(Information given Opens)

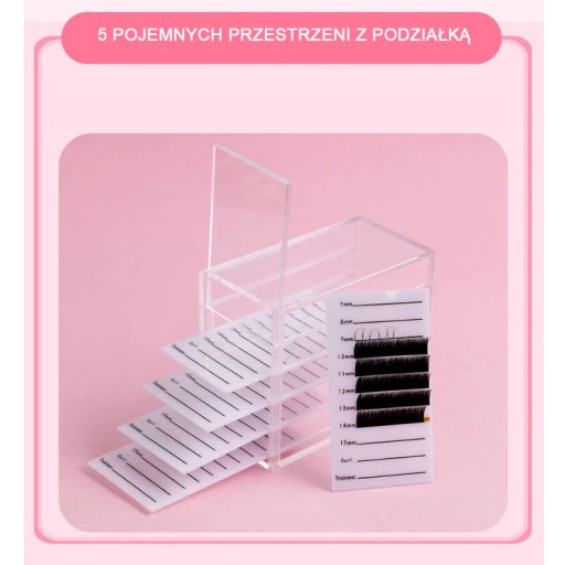 - Pojemnik posiada 5 pojemnych przestrzeni z podziałką na rzęsy.
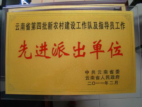 二0一一年獲云南省第四批新農(nóng)村建設(shè)工作隊(duì)及指導(dǎo)員工作先進(jìn)派出單位
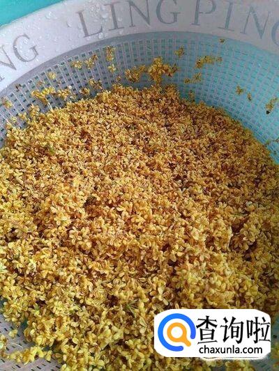 然后取适量的桂花干,用清水冲洗一下,沥干表面的水分备用
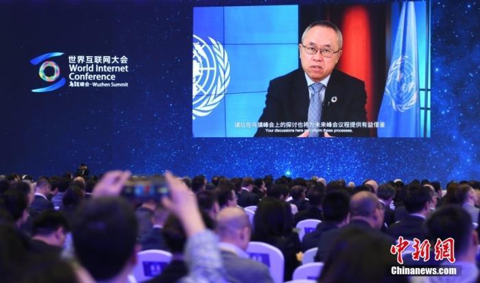 2023年11月8日,2023年世界互联网大会乌镇峰会在浙江乌镇开幕,主题为“建设包容、普惠、有韧性的数字世界——携手构建网络空间命运共同体”。图为联合国副秘书长李军华视频演讲。
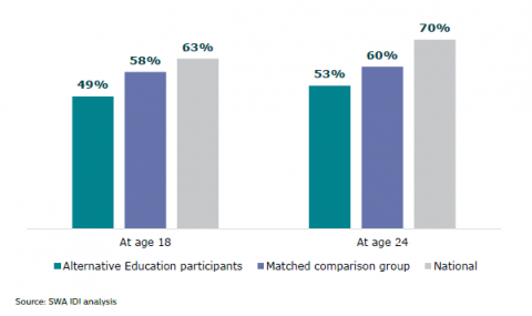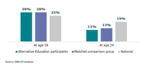 Figure 24:Â Participation in tertiary education: Alternative Education participants, matched comparison group, and national figures
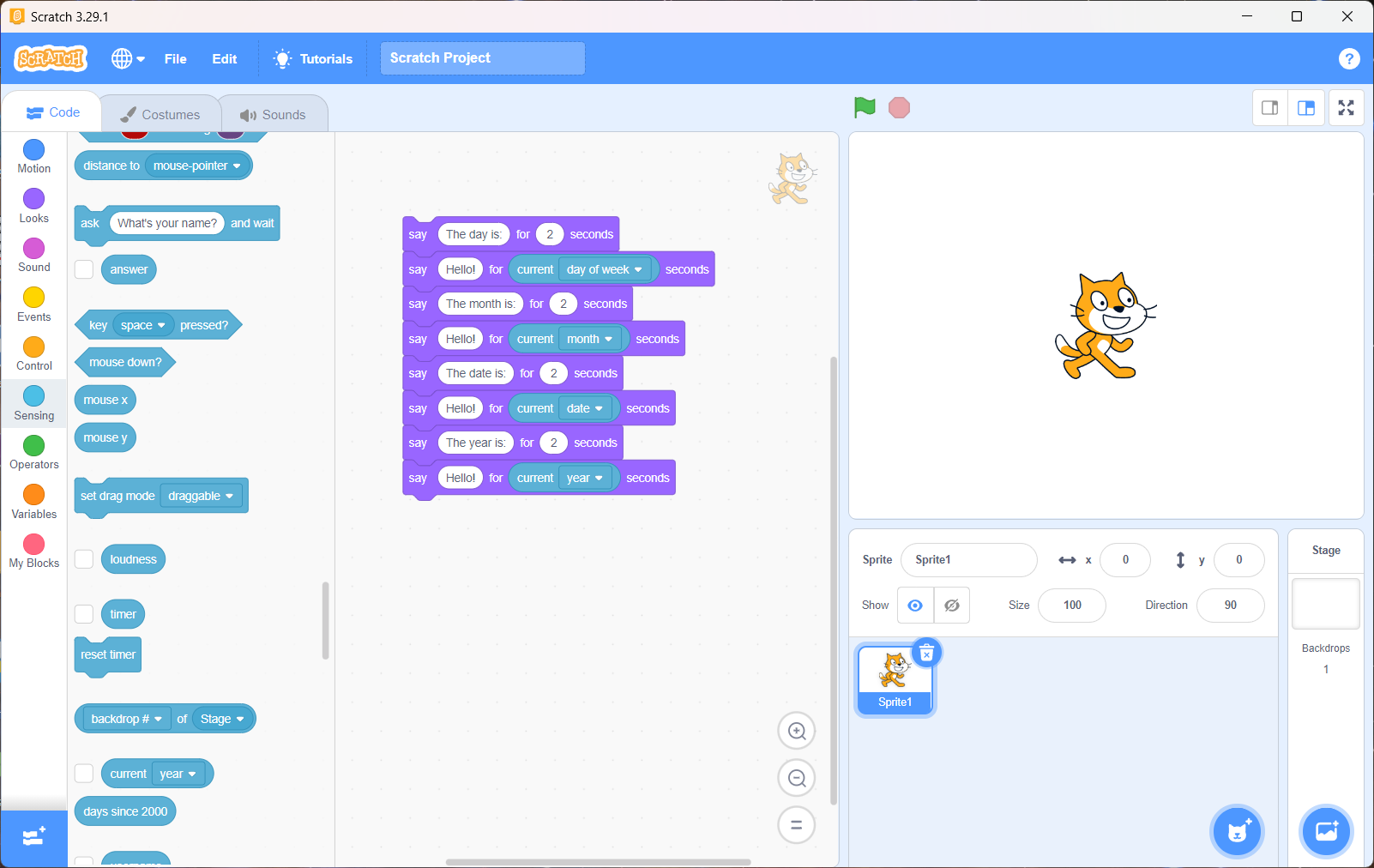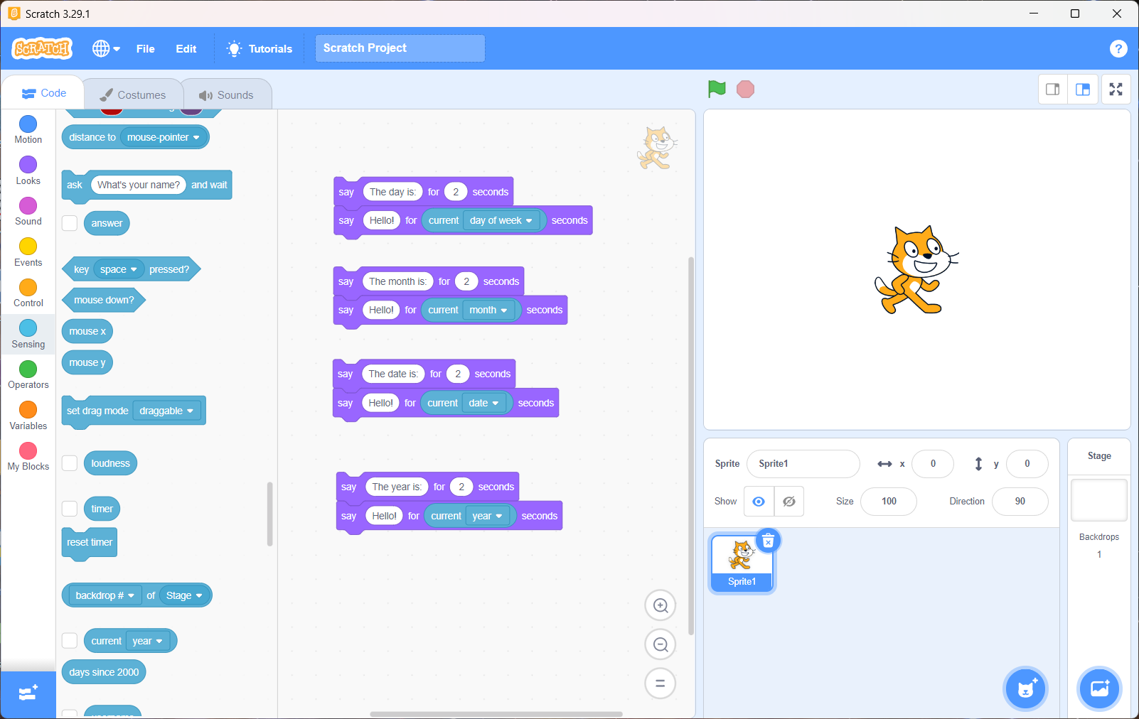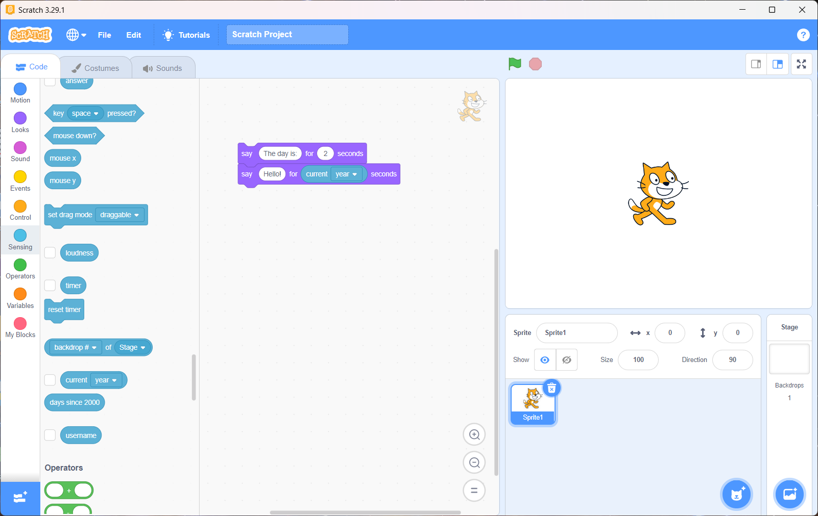 5. Click on "Sensing". Drag and drop "current year" onto the second say
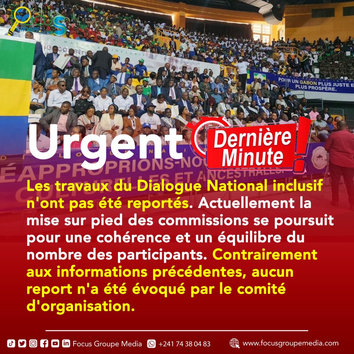 Depuis quelques heures plusieurs médias à l’instar de Gabon Media Time, TV+ Afrique, Dépêches 241 et certaines pages Facebook relaient fortement l’information selon laquelle les travaux du dialogue national inclusif censés débuter ce jour auraient été reportés auraient été reportés au lundi 8 avril prochain. Une information qui s’avère être au finale fausse.En effet, selon l’un des membres du comité d’organisation que la rédaction de Focus Groupe Media a pu joindre au téléphone rassure que les travaux n’ont pas été reportés.
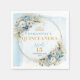 Elevate your Quinceañera celebration with these elegant paper napkins, beautifully designed with watercolor dusty blue flowers, soft eucalyptus greenery, and a shimmering gold glitter frame. The delicate floral arrangements in boho, bohemian, or watercolor styles paired with elegant script lettering create a refined, sophisticated look that perfectly complements any pastel or dusty blue themed party.
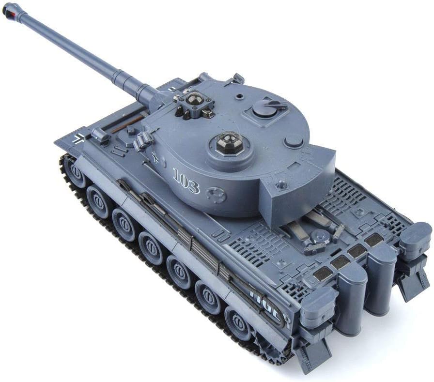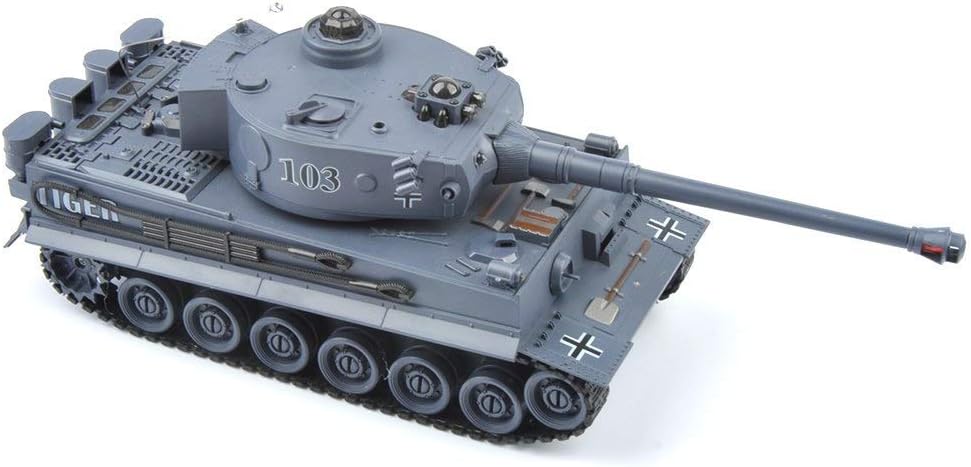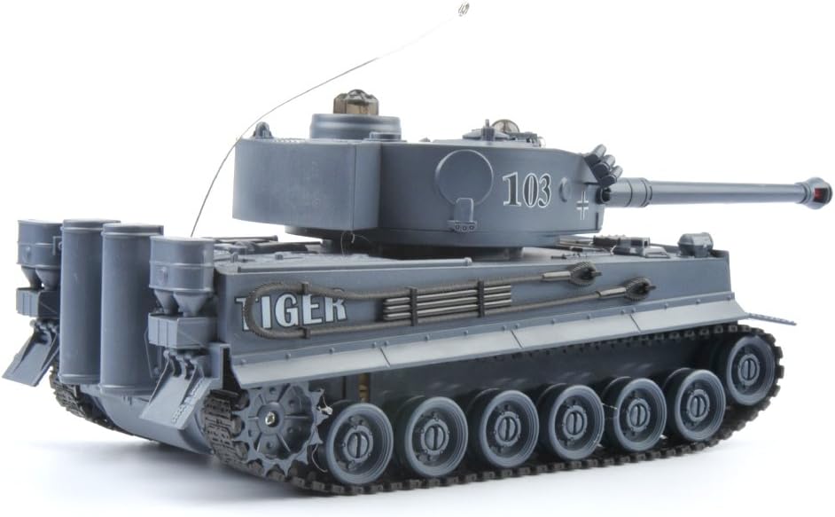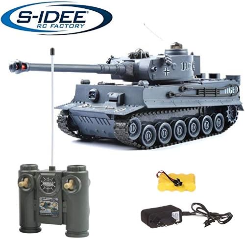 s-idee® 22002 Боен танк 99807 Немски Тигър 1:28 с вградена инфрачервена бойна система 2.4 GHz RC R/C Дистанционно управляем танк Гъсенична машина IR функция за стрелба Звукова светлина

(Information given Closes)

# Task item:
Images do not belong in the copy; reproduce all other parts of the records above verbatim.

# Your solution:
 - Pojemnik posiada 5 pojemnych przestrzeni z podziałką na rzęsy.
 二0一一年獲云南省第四批新農(nóng)村建設(shè)工作隊(duì)及指導(dǎo)員工作先進(jìn)派出單位
 然后取适量的桂花干,用清水冲洗一下,沥干表面的水分备用
 2023年11月8日,2023年世界互联网大会乌镇峰会在浙江乌镇开幕,主题为“建设包容、普惠、有韧性的数字世界——携手构建网络空间命运共同体”。图为联合国副秘书长李军华视频演讲。
 Figure 24:Â Participation in tertiary education: Alternative Education participants, matched comparison group, and national figures
 5. Click on "Sensing". Drag and drop "current year" onto the second say
 Depuis quelques heures plusieurs médias à l’instar de Gabon Media Time, TV+ Afrique, Dépêches 241 et certaines pages Facebook relaient fortement l’information selon laquelle les travaux du dialogue national inclusif censés débuter ce jour auraient été reportés auraient été reportés au lundi 8 avril prochain. Une information qui s’avère être au finale fausse.En effet, selon l’un des membres du comité d’organisation que la rédaction de Focus Groupe Media a pu joindre au téléphone rassure que les travaux n’ont pas été reportés.
 Elevate your Quinceañera celebration with these elegant paper napkins, beautifully designed with watercolor dusty blue flowers, soft eucalyptus greenery, and a shimmering gold glitter frame. The delicate floral arrangements in boho, bohemian, or watercolor styles paired with elegant script lettering create a refined, sophisticated look that perfectly complements any pastel or dusty blue themed party.
 s-idee® 22002 Боен танк 99807 Немски Тигър 1:28 с вградена инфрачервена бойна система 2.4 GHz RC R/C Дистанционно управляем танк Гъсенична машина IR функция за стрелба Звукова светлина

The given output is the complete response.